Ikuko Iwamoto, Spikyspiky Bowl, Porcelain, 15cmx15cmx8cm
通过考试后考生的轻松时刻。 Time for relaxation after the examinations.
==
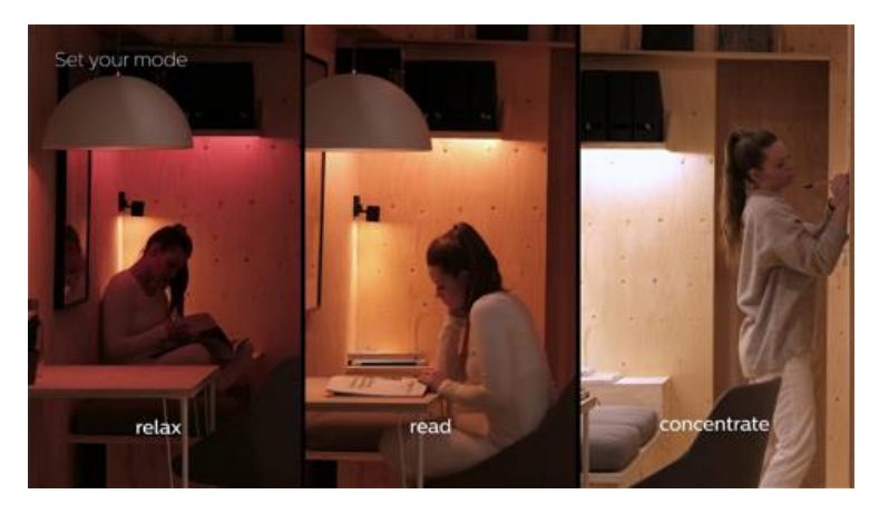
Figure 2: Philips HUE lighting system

● Exercise
Could you transcribe the entries above word for word, from the line with "Ikuko Iwamoto, Spikyspiky" down to the line with "通过考试后考生的轻松时刻。 Time for", keeping both?

● Solution to this problem
Ikuko Iwamoto, Spikyspiky Bowl, Porcelain, 15cmx15cmx8cm
通过考试后考生的轻松时刻。 Time for relaxation after the examinations.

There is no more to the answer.